タイのモータースポーツを長きにわたり支援。トヨタ・モーター・タイランド上級副社長インタビュー

タイにおけるトヨタ車販売と生産を行っているトヨタ・モーター・タイランド(TMT)。1986年からタイ国内のモータースポーツの支援をスタートし、発展と知名度向上に貢献してきました。具体的にはトヨタがサポートするレースチームやToyota One Make Raceの主催、2008年より始まった新人ドライバーの育成や安全運転教育を目的としたToyota Racing School の運営など、アマチュアorプロ問わず、ドライバーが受けた恩恵は計り知れません。

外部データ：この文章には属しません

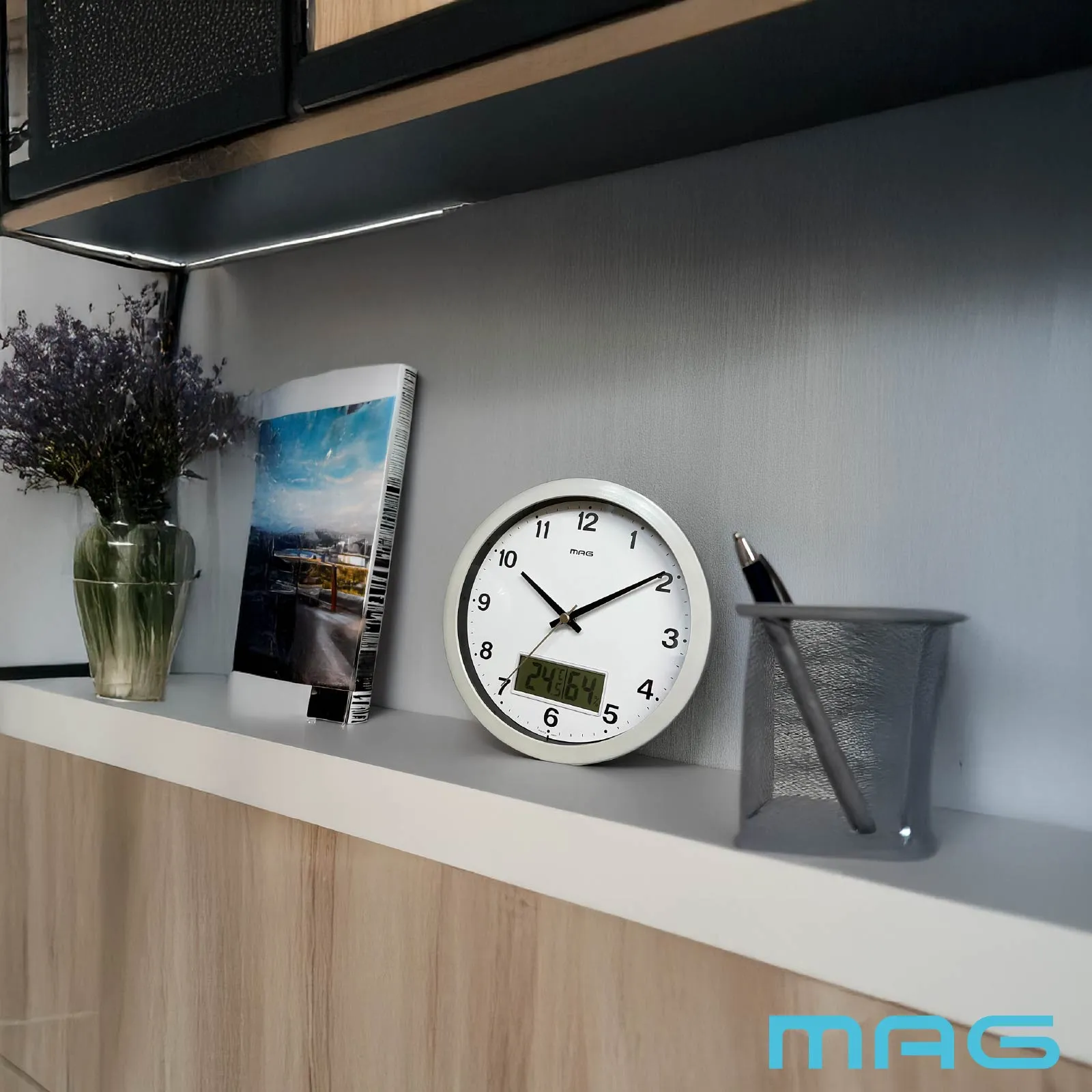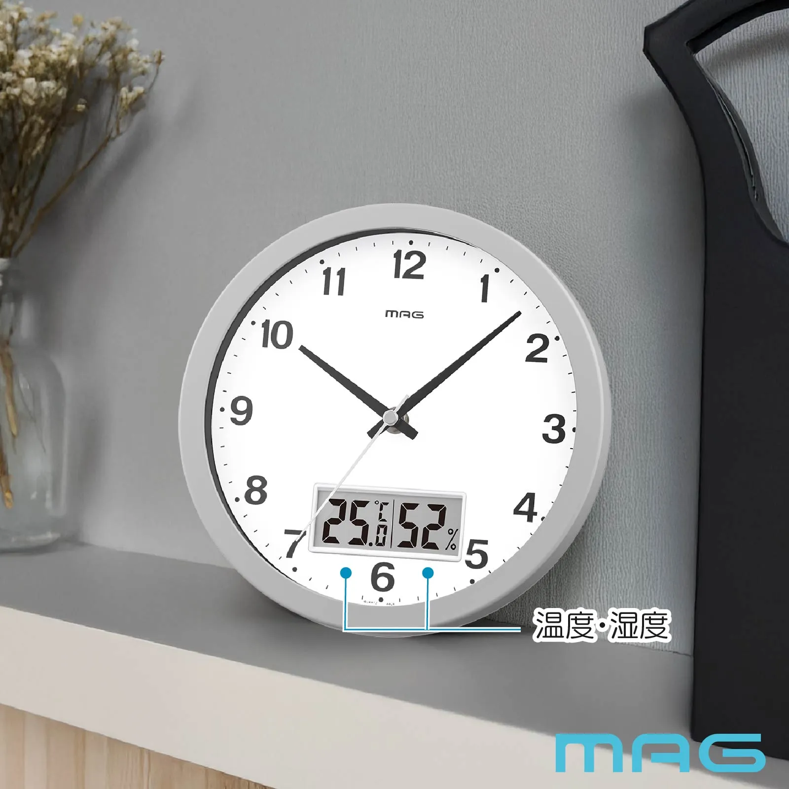 インテリアに合わせやすいマットカラー。いつでも見やすい場所に設置しつつ、温度・湿度表示付きでお部屋の快適具合も把握できます。
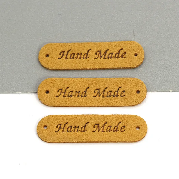 Hand Made Labels 45x13MM Handmade Leather Label For Clothes Sewing Crafts Handmade Tags For Knitting Garment Accessories 20Pcs
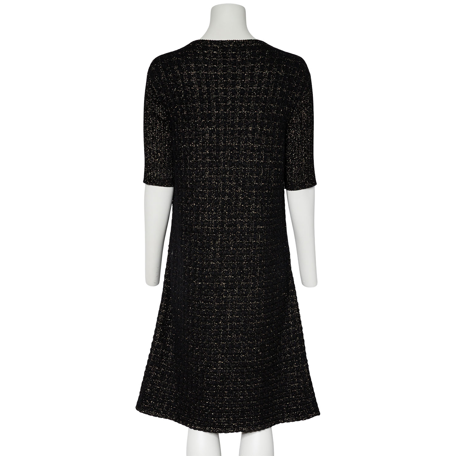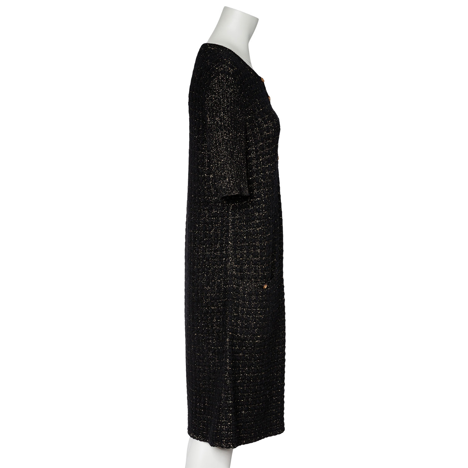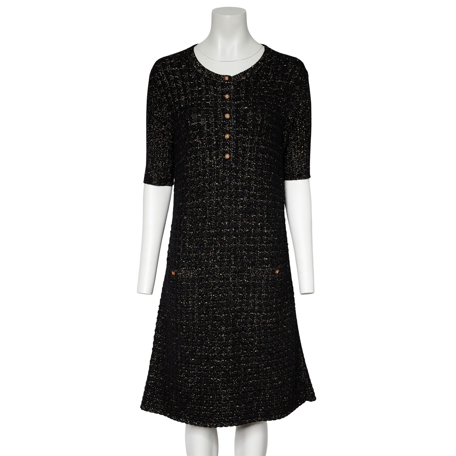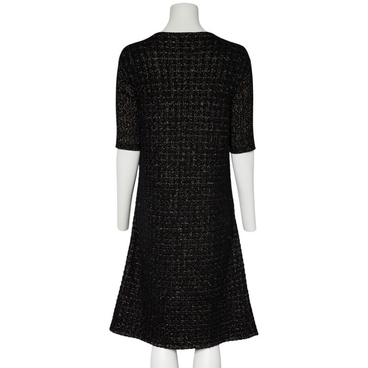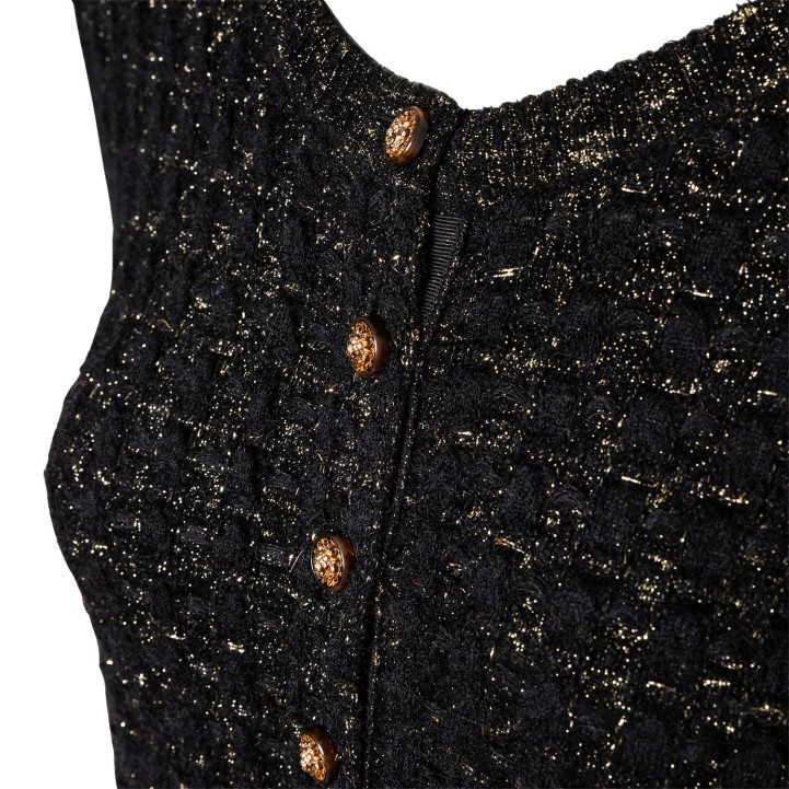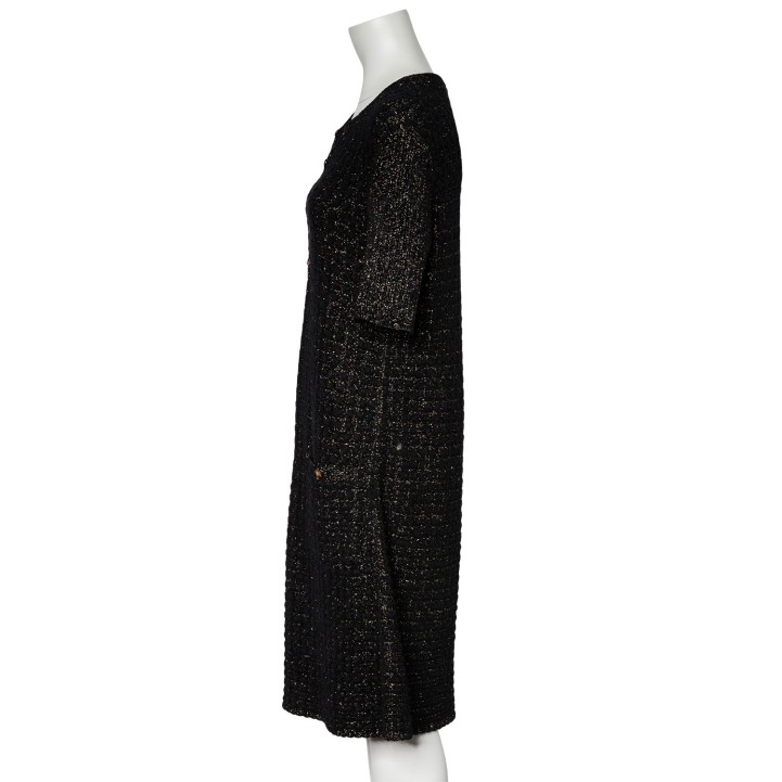 Schwarzes Modell mit goldfarbenen Zierfäden, kurzen Ärmeln, aufgesetzten Taschen und Knopfverschluss am Ausschnitt. Dezente Tragespuren vorhanden.

Toyota team Thailand の運営30周年となった昨年は「Fast Fun Fest」という理念に基づき、モータースポーツイベントを開催。ハイラックスRevo(2.4リッターのピックアップトラック)やカローラAltis(全てが現地で生産される4ドアセダン)、Vios(同)のワンメイクレースは大変な盛り上がりを見せました。

ハイラックスRevoのワンメイクレース(バンセーン・ストリート・サーキット)
“Fast Fun Fest”がコンセプトのモータースポーツイベント

また、2014年からはトヨタ・チーム・タイランドとしてドイツのニュルブルクリンク24時間レースに参戦。昨年はカローラAltisで2位と4位を獲得(SP3クラス)し、タイのモータースポーツのレベルの高さを証明しました。

今回取材に行ったバンセーングランプリもTMTがサポートするイベントのひとつで、とっても華やかな雰囲気。タイ国内の盛り上がりを肌で感じましたが、私たちは幸運にもTMTの上級副社長、ウティコン・スリヤシャンタナノン氏にインタビューをする機会をいただきました。これまでタイのモータースポーツにおいてTMTはどんな役割を担い、これからはどんな将来を目指しているのか? 自らの言葉で語っていただきました。

「近い将来、タイのドライバーは世界レベルにたどり着く可能性があります」

トヨタ・モーター・タイランドのウティコン・スリヤシャンタナノン上級副社長

――TMTはタイのモータースポーツについて、どんな印象をお持ちですか?

トヨタは草分けとして30年間、タイのモータースポーツを開発してきました。それは基本からはじめ、タイの新人レーサーを増やすためです。True Visions(タイのケーブルテレビ局)と手を組んでユースカートレース大会を開催。さらにトヨタジュニアカートトレーニングやトヨタレーシングスクールもつくりました。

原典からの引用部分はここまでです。